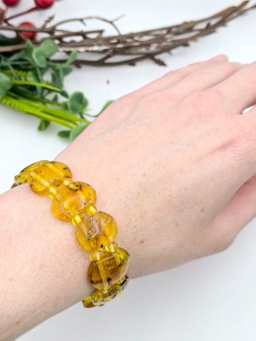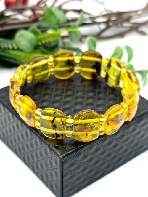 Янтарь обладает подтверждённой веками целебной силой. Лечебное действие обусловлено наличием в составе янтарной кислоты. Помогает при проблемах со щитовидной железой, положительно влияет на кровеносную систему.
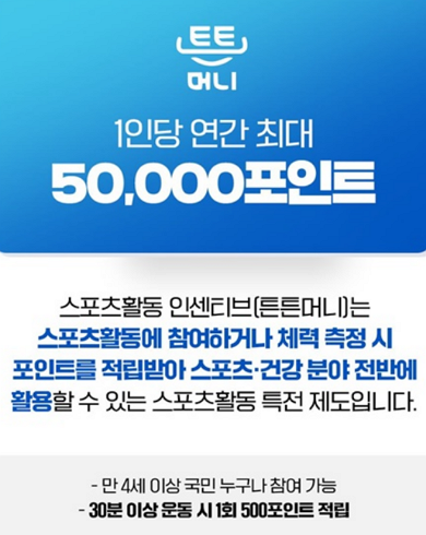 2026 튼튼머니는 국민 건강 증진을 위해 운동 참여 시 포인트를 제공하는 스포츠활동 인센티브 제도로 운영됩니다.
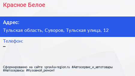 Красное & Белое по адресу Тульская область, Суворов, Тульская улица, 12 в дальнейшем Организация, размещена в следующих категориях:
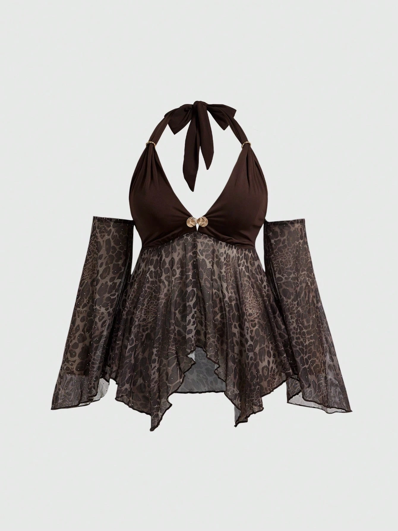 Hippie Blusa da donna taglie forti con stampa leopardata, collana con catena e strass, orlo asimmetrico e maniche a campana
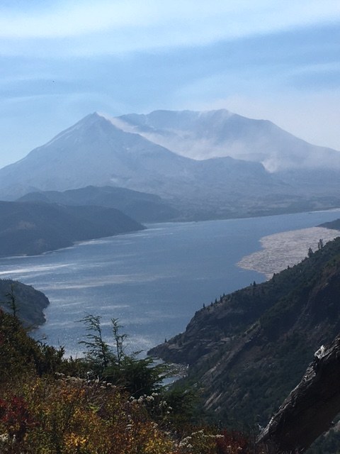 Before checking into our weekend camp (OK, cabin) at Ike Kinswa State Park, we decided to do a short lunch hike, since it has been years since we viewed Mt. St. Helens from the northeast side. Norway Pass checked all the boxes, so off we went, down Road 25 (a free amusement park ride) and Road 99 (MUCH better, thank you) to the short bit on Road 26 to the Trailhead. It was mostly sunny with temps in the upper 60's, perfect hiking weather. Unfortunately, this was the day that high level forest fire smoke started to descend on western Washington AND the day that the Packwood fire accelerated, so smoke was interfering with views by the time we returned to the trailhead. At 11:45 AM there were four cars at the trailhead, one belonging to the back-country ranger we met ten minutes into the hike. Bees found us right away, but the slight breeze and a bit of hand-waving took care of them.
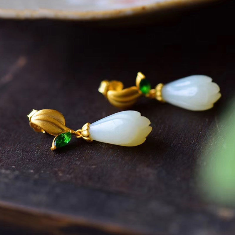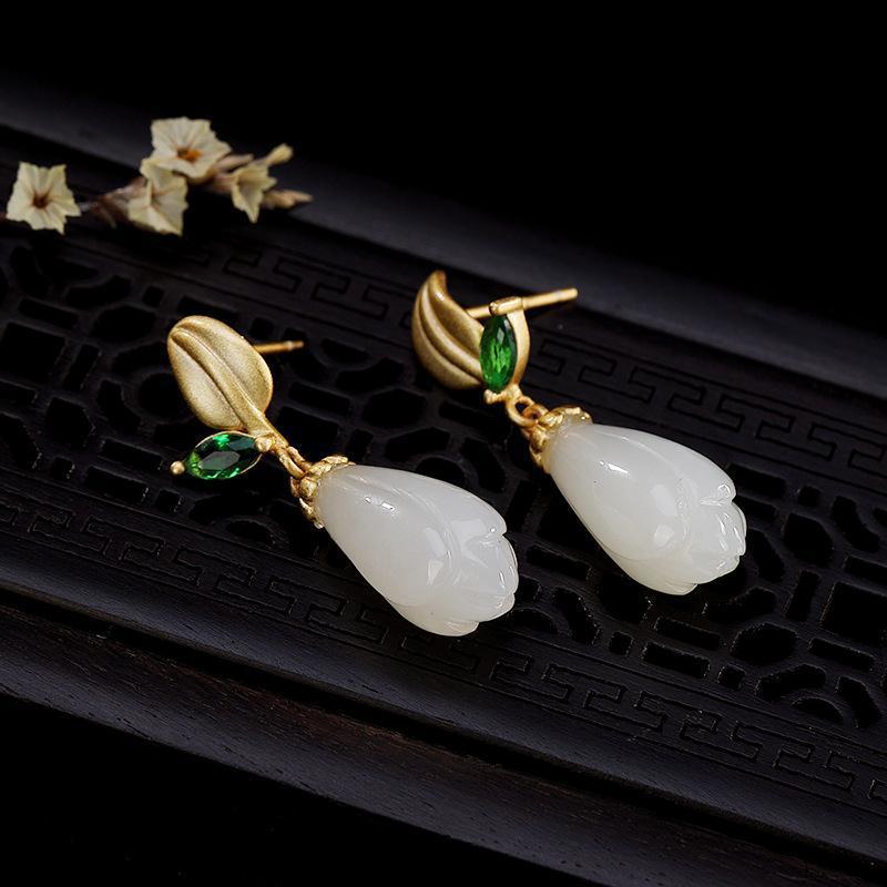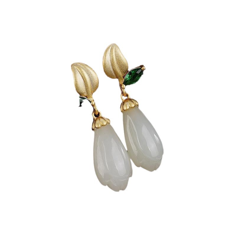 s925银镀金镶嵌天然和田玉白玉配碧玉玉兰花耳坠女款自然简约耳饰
+++
> [Instructions for the task] From the listing above, restate verbatim the lines running from the one with "Красное & Белое" through the one with "Hippie Blusa da", inclusive, but not the pictures.

> [Output]
 Красное & Белое по адресу Тульская область, Суворов, Тульская улица, 12 в дальнейшем Организация, размещена в следующих категориях:
 Hippie Blusa da donna taglie forti con stampa leopardata, collana con catena e strass, orlo asimmetrico e maniche a campana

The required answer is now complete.